There's a For loop to run through the data:

• sCountAllRecords = rMovieRecords.Rows.Count
• ...
• For sRecordNumber = 1 To sCountAllRecords
•     ...
• Next sRecordNumber

Inside the loop, the first thing is to grab the fields for the current record. Here's the pseudocode:

• For each record:
•   Grab the record's data from the Range
•   Normalize the data
•   Process the data

Here's the real code.

• For sRecordNumber = 1 To sCountAllRecords
•     tTitle = rMovieRecords.Cells(sRecordNumber, TITLE_COLUMN)
•     tGenre = rMovieRecords.Cells(sRecordNumber, GENRE_COLUMN)
•     sCriticRating = rMovieRecords.Cells(sRecordNumber, CRITIC_RATING_COLUMN)
•     sViewerRating = rMovieRecords.Cells(sRecordNumber, VIEWER_RATING_COLUMN)
•     ...
• Next sRecordNumber

The next step is to normalize.

• For each record:
•   Grab the record's data from the Range
•   Normalize the data
•   Process the data

The code:

• For sRecordNumber = 1 To sCountAllRecords
•     ...
•     'Normalize title and genre
•     tTitle = Trim(tTitle)
•     tGenre = LCase(Trim(tGenre))
•     ...
• Next sRecordNumber

The last step is processing.

• For each record:
•   Grab the record's data from the Range
•   Normalize the data
•   Process the data

The code:

• For sRecordNumber = 1 To sCountAllRecords
•     ...
•     'Process
•     sCountValidRecords = sCountValidRecords + 1
•     If sViewerRating > sCriticRating Then
•         sCountViewerMoreThanCritic = sCountViewerMoreThanCritic + 1
•     End If
• Next sRecordNumber

### The flag pattern for validation

Let's add the validation. We have three fields to check:

• Genre (romance, action, or scifi)
• Average critic rating, from 1 to 5
• Average viewer rating, from 1 to 5

We want to do the processing only if all of the fields have valid data. If there's an error in any field of a record, we want to ignore the record.

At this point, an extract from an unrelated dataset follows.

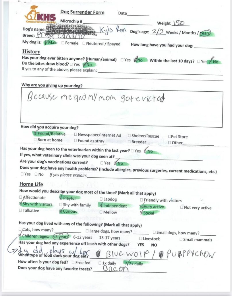 Kylo had been surrendered to the Kansas Humane Society after his family was evicted and had no one to take care of him. The dog had initially been accepted by the Kansas Humane Society, but because he tested positive for heartworms, he was no longer a candidate for adoption. There had been no interest from fosters or adopters, and his time was running short.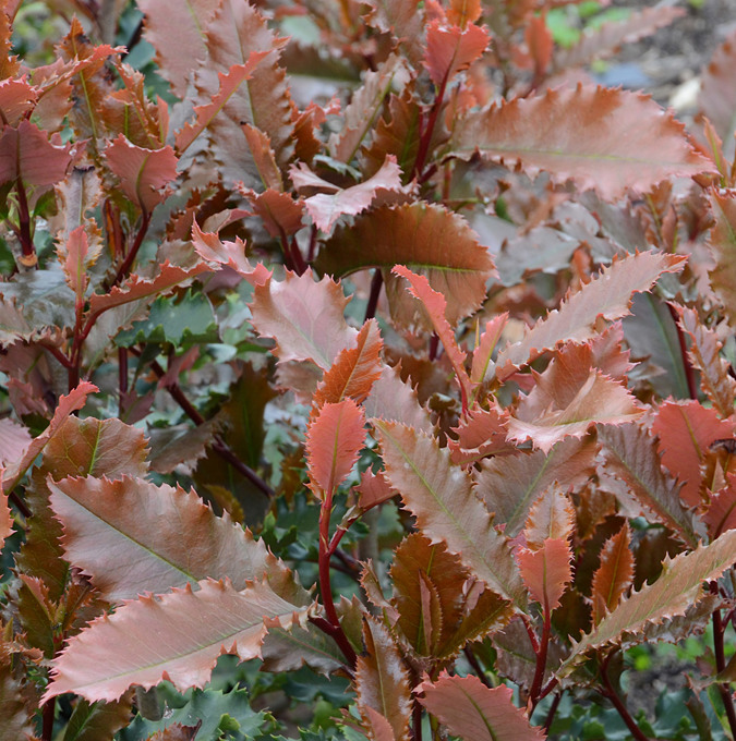 Vintergrön buske. Vackra blad med taggiga kanter och vacker brun/röd färg på nytillväxten. Växten blir ca 2 m hög och kan beskäras under hela växtsäsongen. Lämplig som häck, men passar även bra som solitär eller i kruka. Trivs i sol och halvskugga i väldränerad, näringsrik jord. Zon 1-2. |

For that, we can use the flag pattern again.

Pattern

A variable that summarizes the results of a bunch of code.

Here's what the code will be like:

1. tDataOk = "yes"
2. If field 1 is bad Then
3.     tDataOk = "no"
4. EndIf
5. If field 2 is bad Then
6.     tDataOk = "no"
7. EndIf
8. If field 3 is bad Then
9.     tDataOk = "no"
10. EndIf
11. If tDataOk = "yes" Then
12.     Processing
13. EndIf

If any of the fields are bad, then tDataOk will be "no" by the time we get to line 11: If tDataOk = "yes" Then.

### Validating genre

Genre is a string field with three valid values. Here's code that will validate it:

• If tGenre <> "romance" And tGenre <> "action" And tGenre <> "scifi" Then
•     tDataOk = "no"
• End If

Ray

What if the genre is "Romance" instead of "romance". That If won't pick it up.

Reflect

Is Ray right? Why, or why not?

If you were logged in as a student, the lesson would pause here, and you'd be asked to type in a response. If you want to try that out, ask for an account on this site.

Georgina

We already normalized the data, so "Romance" will have been converted to "romance".

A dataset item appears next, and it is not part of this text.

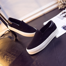 2017厚底布鞋女一脚蹬黑白色帆布鞋学生韩版潮平底懒人鞋百搭女鞋

• tGenre = LCase(Trim(tGenre))

### Validating ratings

Here's code to validate the critic rating:

1. tCriticRatingIn = rMovieRecords.Cells(sRecordNumber, CRITIC_RATING_COLUMN)
2. ...
3. 'Check critic rating
4. 'Is it a number?
5. If Not IsNumeric(tCriticRatingIn) Then
6.     'Not a number
7.     tDataOk = "no"
8. Else
9.     'It is a number
10.     'Copy value to a numeric variable
11.     sCriticRating = tCriticRatingIn
12.     'Range check
13.     If sCriticRating < 1 Or sCriticRating > 5 Then
14.         tDataOk = "no"
15.     End If
16. End If

First, we put the field's value into a string variable (line 1). If we put it straight into a numeric variable, the program will crash if the cell contains something like "fish".

Then we check whether it's numeric (line 5). If it isn't, set the flag, and that's it.

If tCriticRatingIn is a number, then copy it to the numeric variable sCriticRating (line 11). Then do a range check.

### All the code

Let's put everything together. Check that this makes sense.

1. 'Set up the Range.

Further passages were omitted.